Write out again only the lines between the one with "632-104-101 830円 D" and the end of the records below, both ends counted, and don't include the pictures.

[Dataset excerpts]
━━━━━━━━━━━━━━━━━━━━━━━━━━━━━━
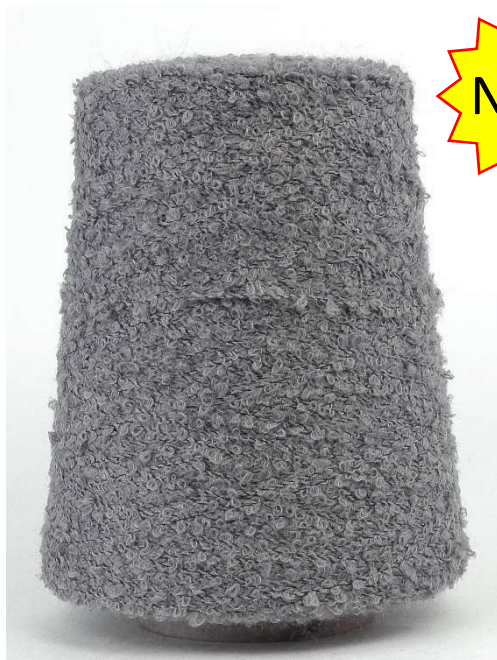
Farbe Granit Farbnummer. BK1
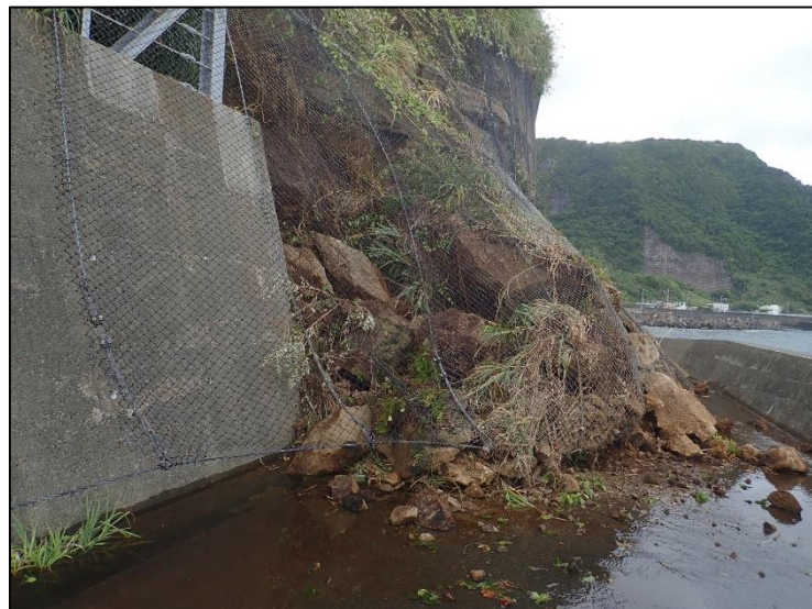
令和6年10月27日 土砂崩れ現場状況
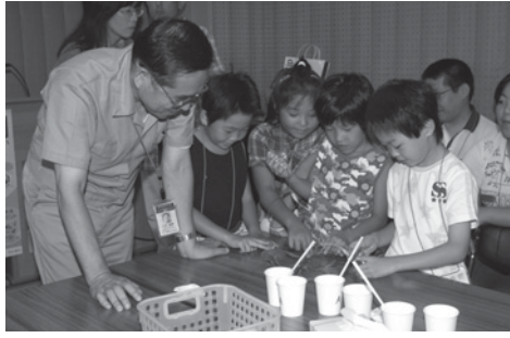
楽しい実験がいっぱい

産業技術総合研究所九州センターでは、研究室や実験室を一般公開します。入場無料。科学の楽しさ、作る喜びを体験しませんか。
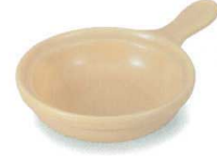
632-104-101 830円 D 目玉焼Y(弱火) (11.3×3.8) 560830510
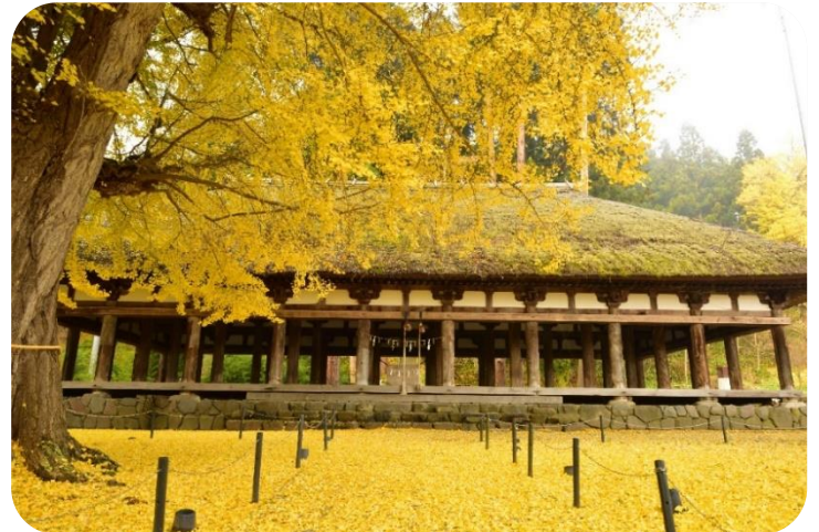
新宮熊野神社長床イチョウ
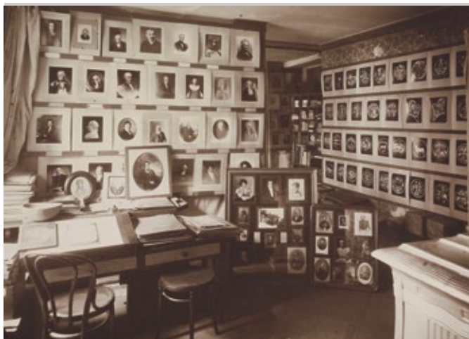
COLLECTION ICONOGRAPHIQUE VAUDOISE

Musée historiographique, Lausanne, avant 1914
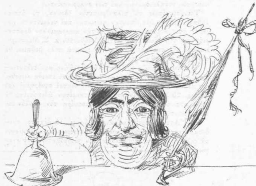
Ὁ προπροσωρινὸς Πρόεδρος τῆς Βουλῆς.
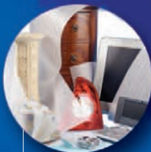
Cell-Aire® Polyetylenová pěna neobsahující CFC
━━━━━━━━━━━━━━━━━━━━━━━━━━━━━━
### Task solution
632-104-101 830円 D 目玉焼Y(弱火) (11.3×3.8) 560830510
新宮熊野神社長床イチョウ
COLLECTION ICONOGRAPHIQUE VAUDOISE

Musée historiographique, Lausanne, avant 1914
Ὁ προπροσωρινὸς Πρόεδρος τῆς Βουλῆς.
Cell-Aire® Polyetylenová pěna neobsahující CFC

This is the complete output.